How does this really work? We have given R a single column
with three different categorical values (species) and somehow ended up
with an intercept and two regression coefficients. How can we understand
this more clearly? Think back to the table from
earlier where we had a column for is_species_2
with a
simple zero or one. We can do the same, but with a new column, to
include the ID of species 3.
height | is_species_2 | is_species_3 |
---|---|---|
150.42 | 1 | 0 |
150.56 | 0 | 1 |
217.97 | 1 | 0 |
133.03 | 1 | 0 |
153.67 | 0 | 0 |
117.23 | 1 | 0 |
126.27 | 1 | 0 |
194.60 | 0 | 1 |
199.22 | 0 | 0 |
107.87 | 0 | 0 |
In fact, for even more clarity, we can add a column for the intercept too.
height | the_intercept | is_species_2 | is_species_3 |
---|---|---|---|
150.42 | 1 | 1 | 0 |
150.56 | 1 | 0 | 1 |
217.97 | 1 | 1 | 0 |
133.03 | 1 | 1 | 0 |
153.67 | 1 | 0 | 0 |
117.23 | 1 | 1 | 0 |
126.27 | 1 | 1 | 0 |
194.60 | 1 | 0 | 1 |
199.22 | 1 | 0 | 0 |
107.87 | 1 | 0 | 0 |
Now we can see the equivalence with the linear model expressed in R
from above, lm(height ~ 1 + species_ID, data = plant_data)
.
The formula in lm
is predicting height
for
individual plants using a linear model that includes the intercept
(always 1), plus species ID. This relates now more easily to the
equation \(y = \beta_{0} + \beta_{1}x_{1} +
\beta_{2}x_{2}\). The four terms are reflected in the four
columns above. Plant height (\(y\)) is
predicted in the left-most column. The second column is all ones, by
which we multipy the intercept (\(\beta_{0}\)). Columns two and three define
the species_ID
in R, and the \(\beta_{1}x_{1} + \beta_{2}x_{2}\) terms of
the equation. Note that either \(x_{1} =
0\) and \(x_{2} = 0\) (the row
is species 1), \(x_{1} = 1\) and \(x_{2} = 0\) (species 2), or \(x_{1} = 0\) and \(x_{2} = 1\) (species 3). Hence, the
coefficients \(\beta_{1}\) and \(\beta_{2}\) apply only for species 2 and 3,
repsectively (and the absence of both occurs for species 1). You should
now be able to connect this concept with the output of
summary(lmod2)
above.
Now if we want to predict the height of any plant (rows), we can do
so just by multiplying the values in columns 2-4 (always 1 or 0) by the
corresponding regression coefficients. For example, where
is_species_2 = 0
and is_species_3 = 0
, we have
\(y = (\beta_{0} \times 1) + (\beta_{1} \times
0) + (\beta_{2} \times 0)\). Substituting the regression
coefficients from the summary(lmod2)
above, we have,
\[y = ( 148.457 \times 1) + ( 26.144 \times 0) + ( 5.457 \times 0).\]

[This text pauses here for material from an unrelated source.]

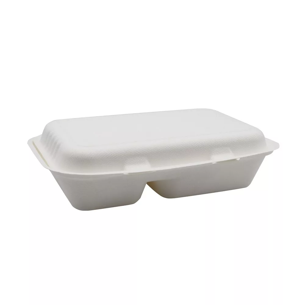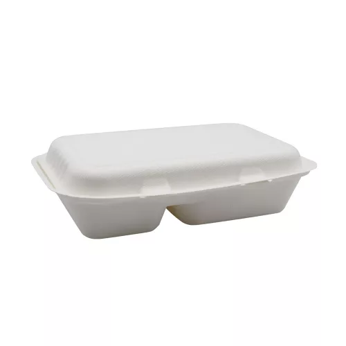 Papírdoboz ételes 2 részes HP3, 23 x 15 x 8 cm komposztálható cukornád 125 db/csomag, natúr
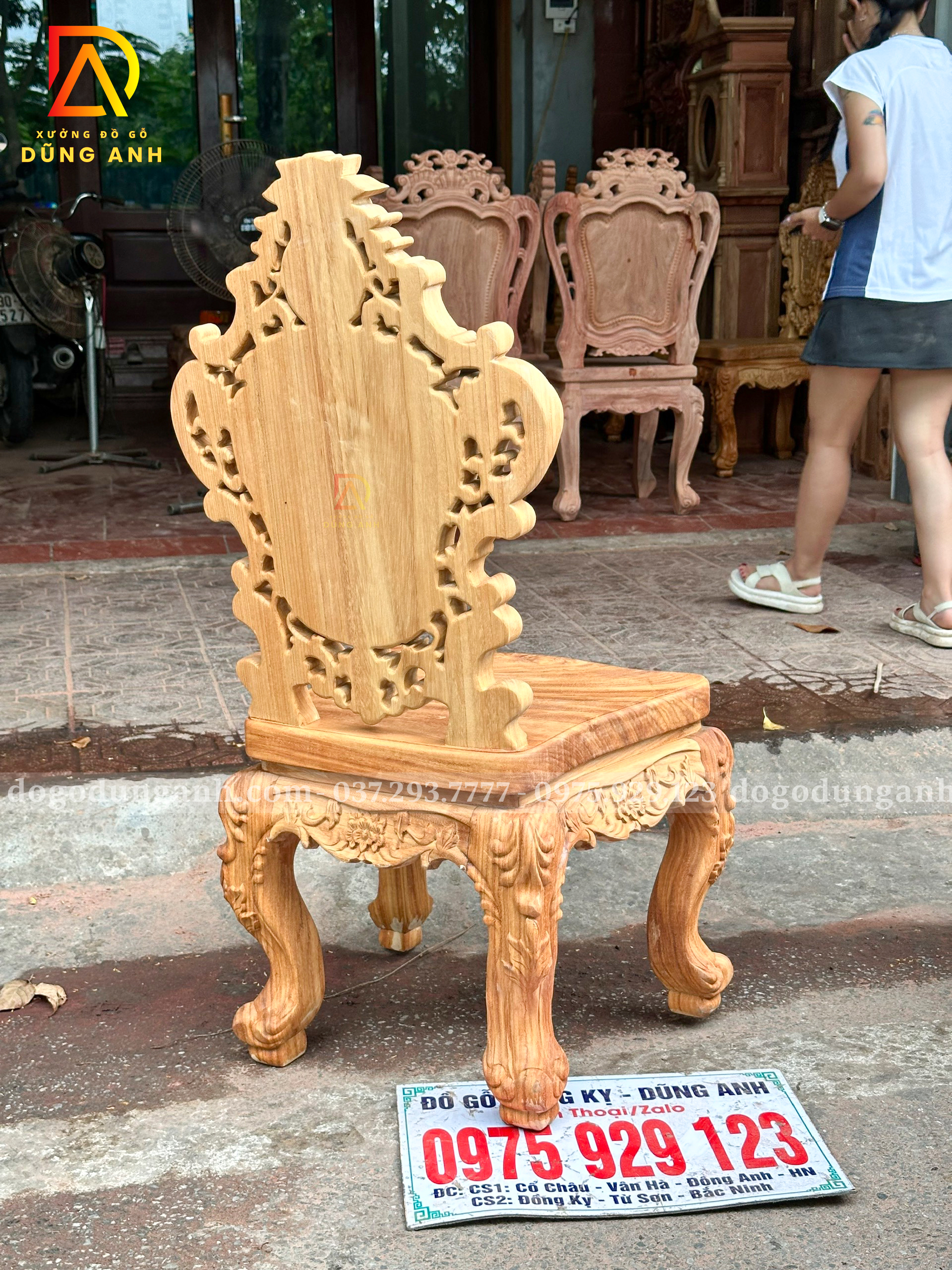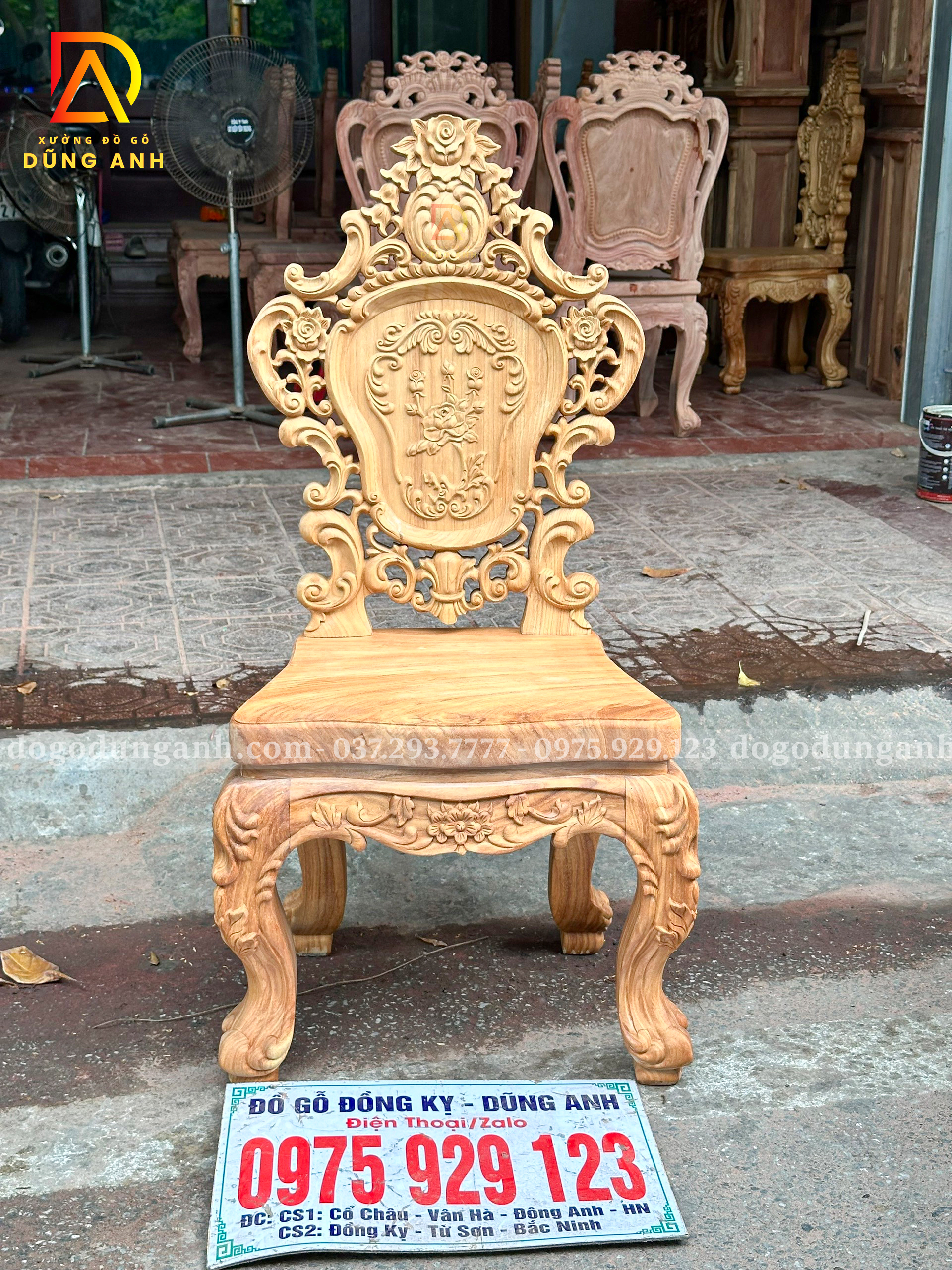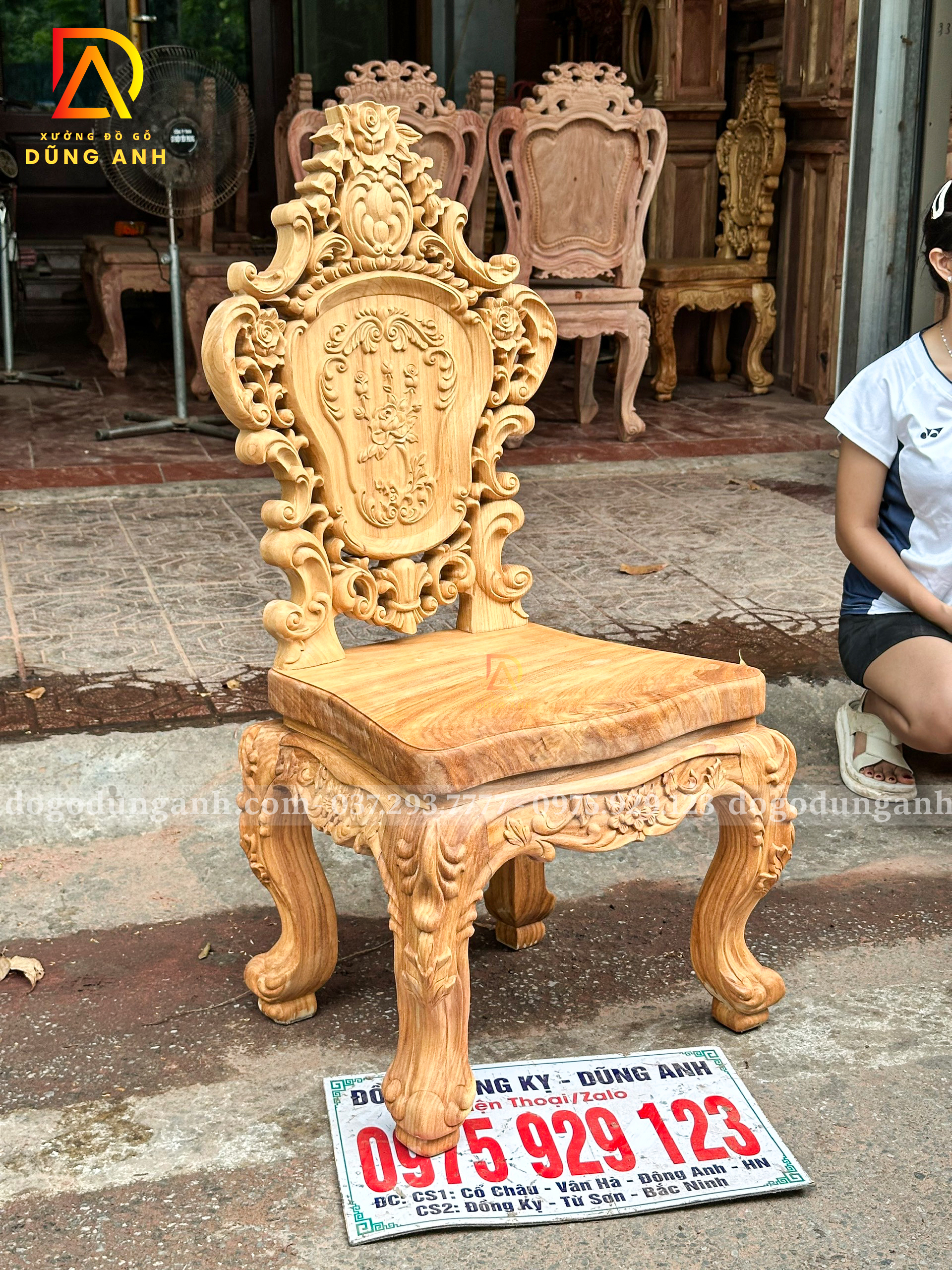 Hoa văn tân cổ điển được những nghệ nhân Xưởng đồ gỗ Dũng Anh chạm khắc tỉ mỉ tạo ra những đường nét sâu nổi hoa văn. Hoa văn tân cổ điển được chạm khắc trên bộ ghế ăn đòi hỏi sáng tạo, cân xứng phải có tay nghề cứng am hiểu về hoa văn phương tây và đặc biệt bàn tay phải có sự gia công kỹ lưỡng

Note that the above simplifies to 148.457, the predicted height of species 1. We can do the same for species 2.
\[y = ( 148.457 \times 1) + ( 26.144 \times 1) + ( 5.457 \times 0).\]
The above simplifies to \(y = 148.457 + 26.144\), which equals 174.601, the predicted height of species 2. I will leave the predicted height of species 3 to the reader.
Note that we have been working with categorical variables, species.
These are represented by ones and zeroes. But we can also imagine that
some other continuous variable might be included in the model. For
example, perhaps the altitude at which the plant was collected is also
potentially important for predicting plant height. The common name for
this model would be ‘ANCOVA’, but all that we would really be doing is
adding one more column to the table above. The column would be
‘altitude’, and would perhaps include values expressing metres above sea
level (e.g., altitude = 23.42, 32.49, 10.02
, and so forth;
one for each plant). This value would be multiplied by a new coefficient
\(\beta_{3}\) to predict plant height,
and be represented as an lm
in R with
lm(height ~ 1 + species_ID + altitude, data = plant_data)
.
Its equation would be \(y = \beta_{0} +
\beta_{1}x_{1} + \beta_{2}x_{2} + \beta_{3}x_{3}\), where
altitude is \(x_{3}\).
I hope that all of this has further illustrated some of the mathematics and code underlying linear models. Readers who are satisfied can skip this section, but I want to go just one step further and demonstrate how linear model prediction really boils down to just one equation. This equation is a generalisation of the by now familiar \(y = \beta_{0} + \beta_{1}x\). We can represent independent and dependent variables in the table above using columns of two matrices, \(Y\) and \(X\). \(Y\) is just a vector of 100 plant heights (matching column 1 from the table above),
\[ Y = \begin{pmatrix} 150.42 \\ 150.56 \\ 217.97 \\ 133.03 \\ \vdots \\ 206.83 \\ \end{pmatrix}. \]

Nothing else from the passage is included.